● ASSIGNMENT
Retype the opening lines of the data exactly, stopping after the line that contains "The front and". Skip every picture.

● Stored items from a collection
%%
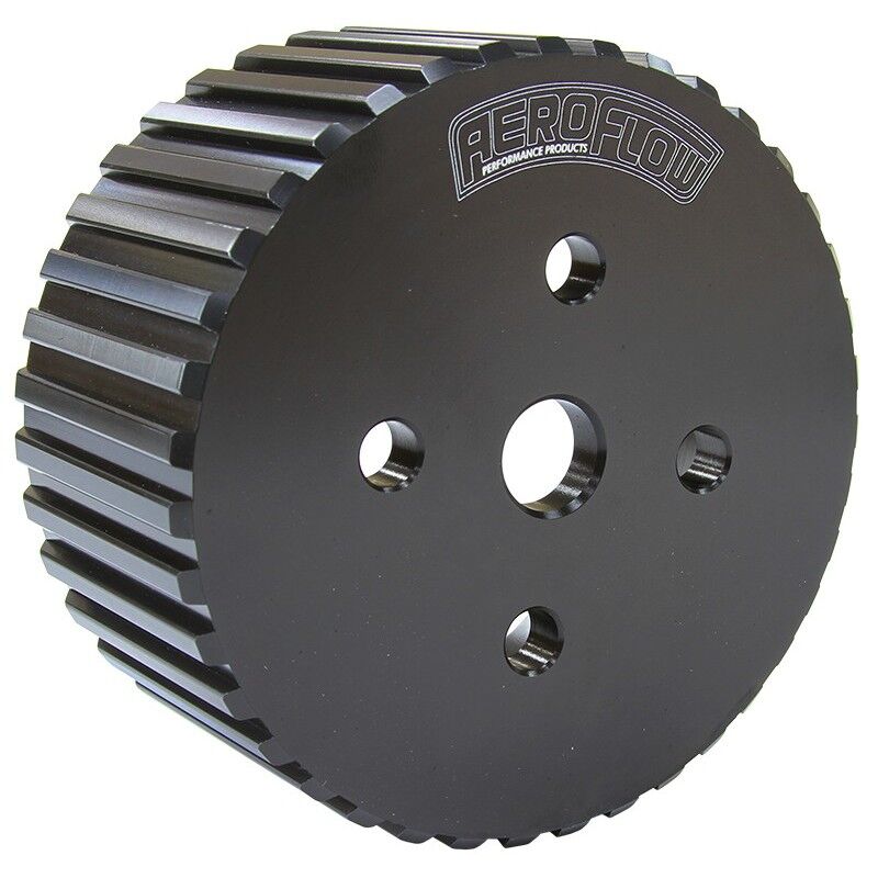 Aeroflow's Industry first 100% complete billet 6061-T6 aluminium Gilmer drive. Hard anodised for case hardness for maximum life of your Gilmer teeth which prevents slippage and torn belts.
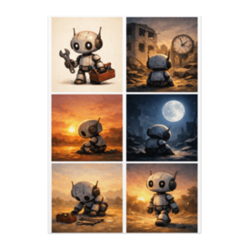 ポスター - B2この商品はpixivFACTORYで作られた商品です。サンプル画像は完成イメージのため、実物と異なる場合があります。 修理道具を手に、世界を直そうとした小さなロボット。 けれど、壊れたままの街は、何ひとつ元には戻らなかった。 夕暮れ、夜、そして朝。 何もできなかった時間が静かに重なり、 それでもロボットは、ほんの少し前を向いて歩き出す。 セリフのない物語を、6つの情景で1枚にまとめた ショートストーリー・ポスターです。 見る人それぞれの「役に立てなかった日」に、 そっと寄り添う一枚になれば幸いです。
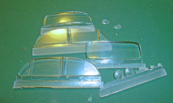 The front and rear screens and the side windows come supplied in clear resin, and due to the way resin has to be moulded are quite a lot thicker than regular styrene clear parts, but are just as clear. They can be polished to get them crystal clear.
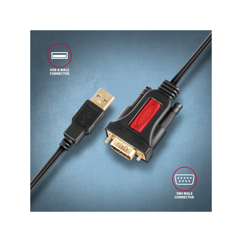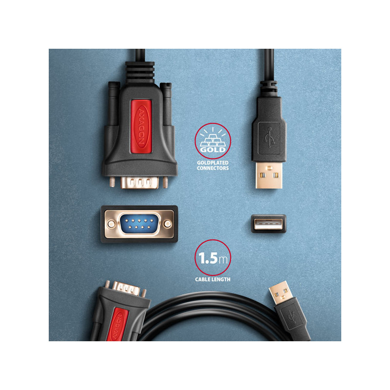 Napevno uchycený 1.5 m dlouhý USB-A kabel je vhodný pro použití jak se stolním počítačem, tak i notebookem. Kabel je opatřen pozlacenými konektory a kontakty, velmi odolné tělo adaptéru je vhodné i do průmyslových aplikací. Dvojité stínění chrání přenášené signály před nepříznivým rušením.
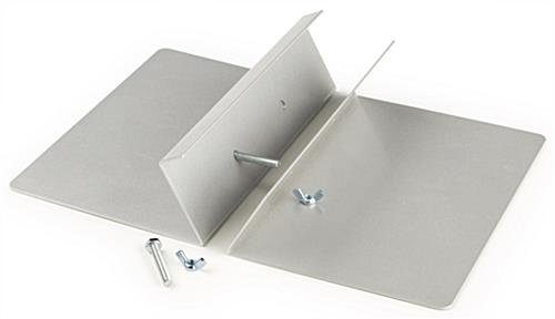 This silver double sided sign holder features a top loading, clamp-like construction designed for holding graphics of varying sizes. When loosened, the poster display extends by 1.5 inches, allowing for signage of differing thicknesses. To assemble the tabletop or floor standing sign holder with graphics, screw the unit’s bolts through pre-made holes in desired brochure displays. Great for use in trade shows and stores, this top loading stand makes it easy to quickly replace signage depending on your display needs. Each sign holder features a durable and solid aluminum construction for tabletop or floor use. Rest assured that this brochure poster display will not easily blow away in the wind!
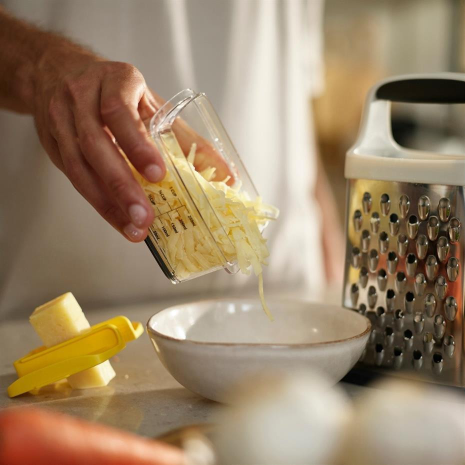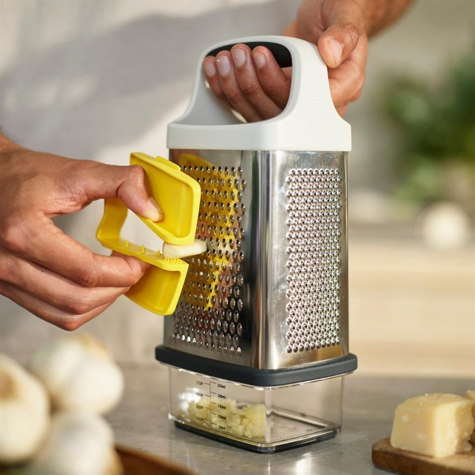 Ürün Özellikleri:Precision Food Grip: Bu özellik, küçük yiyecekleri sıkıştırmanıza ve daha büyük yiyecekleri kavramanıza olanak tanır. Ayrıca, parmaklarınızı kesme riskinden korur.Dört Paslanmaz Çelik Bıçak: Bu bıçaklar, yiyecekleri rendelemek veya dilimlemek için kullanılabilir.Ergonomik Sap ve Kaymaz Taban: Bu özellikler, rendenin kullanımını kolaylaştırır ve sabit tutar.Ölçümlü ve Şeffaf Hazne: Bu hazne, rendelediğiniz yiyecek miktarını görmenizi sağlar.Kompakt Depolama: Kullanımdan sonra, hazneyi rendenin içine yerleştirebilirsiniz.Geri Dönüştürülebilir: Ürün, geri dönüştürülebilir malzemelerden üretilmiştir.Bakım ve Kullanım:Rende ve yiyecek kavrama bölümü bulaşık makinesinde yıkanabilir.Hazne bölümü sadece elle yıkanmalıdır.Keskin bıçaklar nedeniyle, kullanım ve temizlik sırasında parmaklarınızı bıçaklardan uzak tutun.Ölçüler:
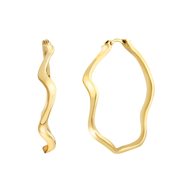Breil Damenohrringe aus der Zig Zag Kollektion. Creolen aus goldfarbenem PVD-beschichtetem Stahl, 4 cm Durchmesser. Bajonettverschluss. Artikelnummer: TJ3910
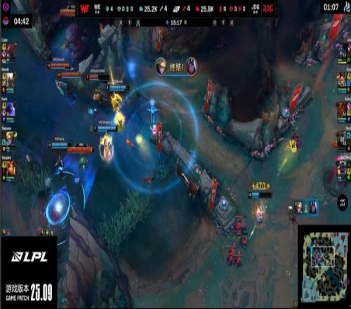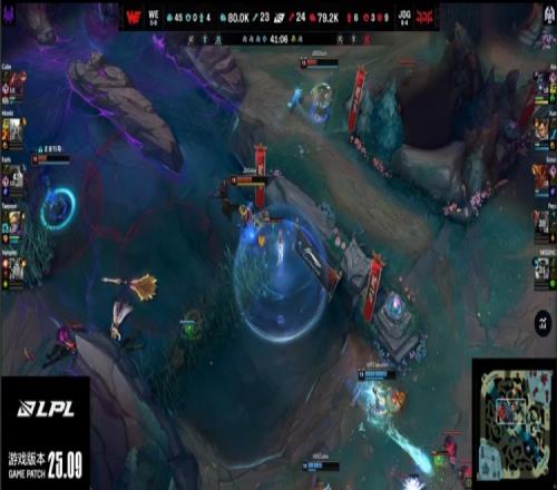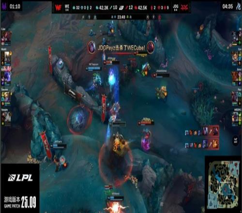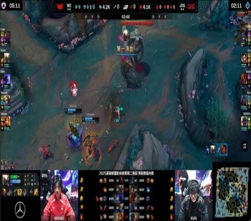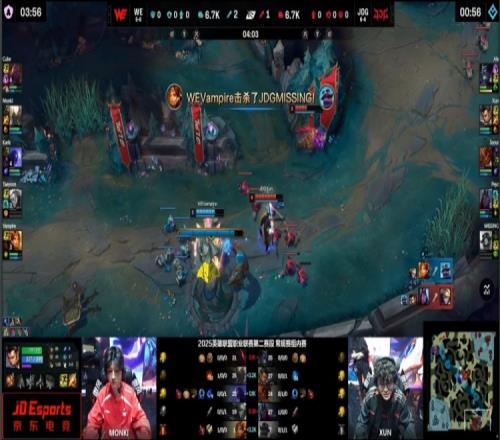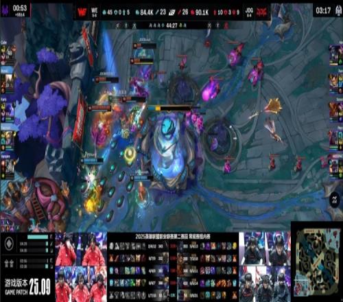 后期双方围绕大龙和远古龙展开拉锯,Taeyoon与Karis中路被秒后WE一度丢失中路水晶,但团战中Peyz多次被秒让JDG推进受阻。最终一波远古龙团,JDG打出2换3后成功拿下老龙,Xun强势开团,Scout岩雀抬两人,WE阵型被撕裂,JDG携双龙会一波终结比赛,先下一城。
%%
● EXERCISE RESULT
 Aeroflow's Industry first 100% complete billet 6061-T6 aluminium Gilmer drive. Hard anodised for case hardness for maximum life of your Gilmer teeth which prevents slippage and torn belts.
 ポスター - B2この商品はpixivFACTORYで作られた商品です。サンプル画像は完成イメージのため、実物と異なる場合があります。 修理道具を手に、世界を直そうとした小さなロボット。 けれど、壊れたままの街は、何ひとつ元には戻らなかった。 夕暮れ、夜、そして朝。 何もできなかった時間が静かに重なり、 それでもロボットは、ほんの少し前を向いて歩き出す。 セリフのない物語を、6つの情景で1枚にまとめた ショートストーリー・ポスターです。 見る人それぞれの「役に立てなかった日」に、 そっと寄り添う一枚になれば幸いです。
 The front and rear screens and the side windows come supplied in clear resin, and due to the way resin has to be moulded are quite a lot thicker than regular styrene clear parts, but are just as clear. They can be polished to get them crystal clear.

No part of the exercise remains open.